TAREF (Project funded by DBT, Govt. of India.)
TAREF stands for TArget REFiner. It is a program which refines the microRNA target prediction through incorporation of local interaction information for microRNA and target region in the target mRNA UTR sequence as well as estimates the candidature of being a microRNA target on the basis of intrinsice sequence property around the target site determined by varying dinculeotide density profile. Also by considering dinculeotide density we incorporate the nearest neighbor approach of RNA structure determination methodologies.
Therefore TAREF works with two assumptions:
- Interaction information between microRNA and target is more important than sequence information and such interactions are highly specific to a given microRNA. Experimentally validated interactions can be used to filter out similar interactions in the predicted system to define a preliminary filtering process.
- Varying dinucleotide density profile in the flanking regions around the target region behave as a dynamic and reasonable signature to determine the target sites. Such parameter grossly cover the intrinsic property of the nearby region and sequential arrangement of this varying profile around the target region captures the discrimination.
Basically TAREF takes the output of RNAhybrid as the template. TAREF runs in two parts. In first it considers the optional step of filtering through encoded interaction pattern library generated from experimentally reported interactions for human.
TAREF runs in two parts. In first it considers the encoded interaction pattern library generated from experimentally reported interactions for human. These encoded interaction patterns were derived after careful alignment of interaction partners where instead of microRNAs their reverse compliments are taken besides taking a bit extended target region to get more accurate alignment. The parameters used during this step is retained and used during derivation of encoded patterns from the interactions predicted by RNAhybrid. To note here, we absolutely remove the energy cut-off parameters of RNAhybrid as we found several experimental cases which were found at energies much higher than -20 Kcal. This in turn returns lots of output.

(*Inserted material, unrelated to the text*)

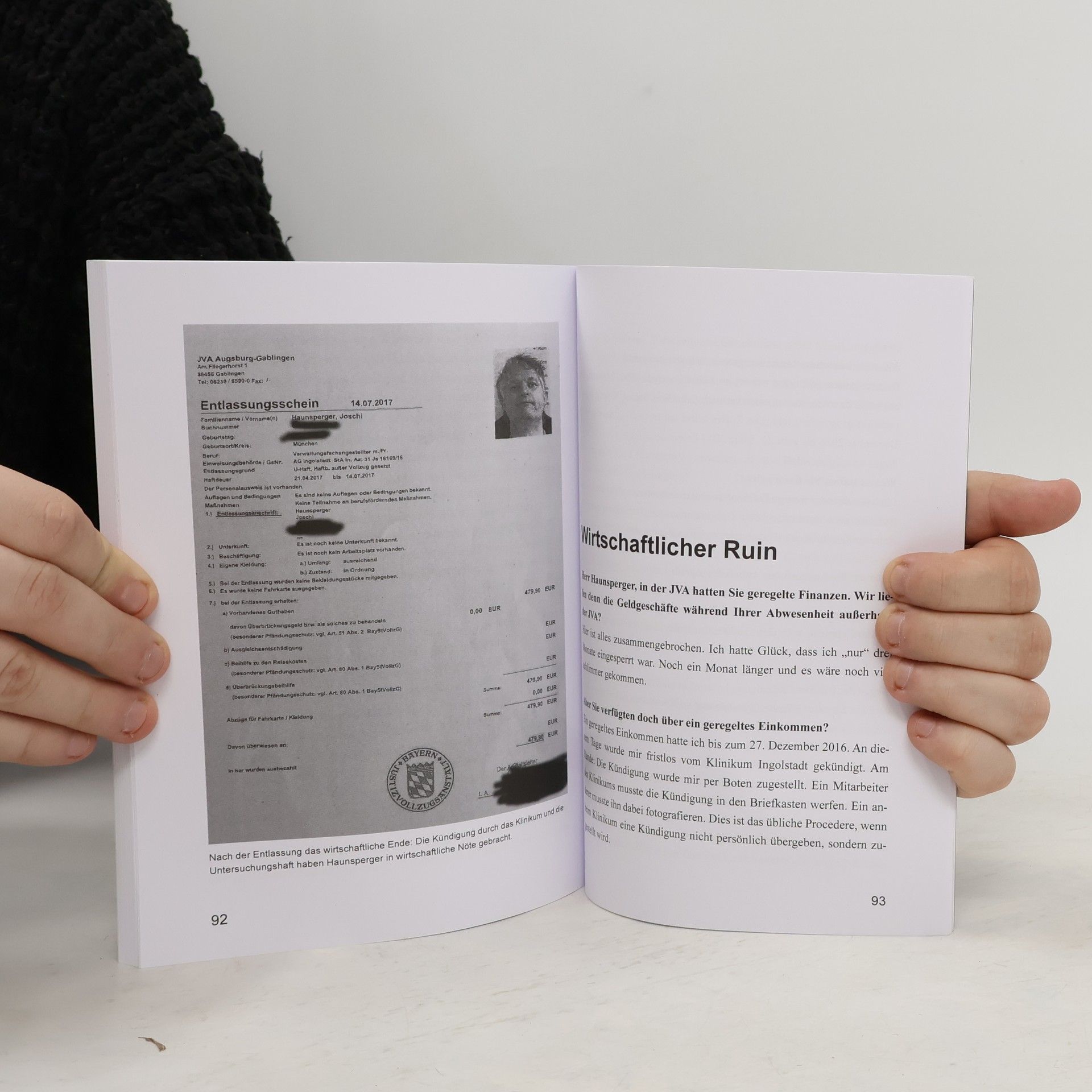 Joschi Haunsperger war Pressesprecher des Klinikums Ingolstadt. Im Zuge der Ermittlungen gegen dessen damaligen Geschäftsführer Heribert Fastenmeier geriet er ins Visier der Staatsanwaltschaft. Letztendlich wurde er nicht als Täter sondern als Gehilfe Fastenmeiers, auf dessen Weisungen er gehandelt hatte, zu einer Bewährungsstrafe von 10 Monaten verurteilt. Dabei wurde festgestellt, dass er sich selbst nicht bereichert hat. Im Buch schildert er seine Erlebnisse als Beschuldigter – insbesondere in der Untersuchungshaft in Gablingen-Augsburg, wo später auch Rupert Stadler in Untersuchungshaft eingeliefert wurde. Hermann Käbisch ist Jurist und Inhaber des HMK Multi Media Verlages. Er interviewte Haunsperger und fasst die juristischen Ergebnisse zusammen.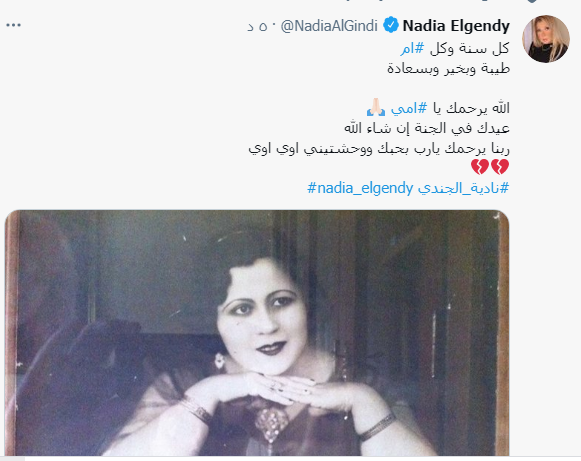 نشرت الفنانة نادية الجندي صورة لوالدتها، عبر صفحتها الرسمية بموقع التغريدات القصيرة "تويتر"، وغردت: "كل سنة وكل أم طيبة وبخير وسعادة.. الله يرحمك يا أمي عيدك في الجنة إن شاء الله، ربنا يرحمك يارب، بحبك ووحشتيني اوي اوي".

Once the encodes are generated from the output of RNAhybrid, the library of experimental encoded patterns is used for scanning for similar interactions in the predicted interactions. At this level itself lots of candidates can be removed. The selected candidates are subjected to our support vector scan. This support vector machine utilizes the information of intrinsic sequence property of the flanking regions around the target region in the form of varying dinculeotide density profile at various intervals. We found that the peak discrimination capacity of SVM models was observed when intervals of 20 bases were considered.
Our methodology on which this software server is based, has attained accuracy level of ~90% with high level of sensitivities and specificities and Area Under Curve for ROC analysis were above 0.9. Details are present in performance tab.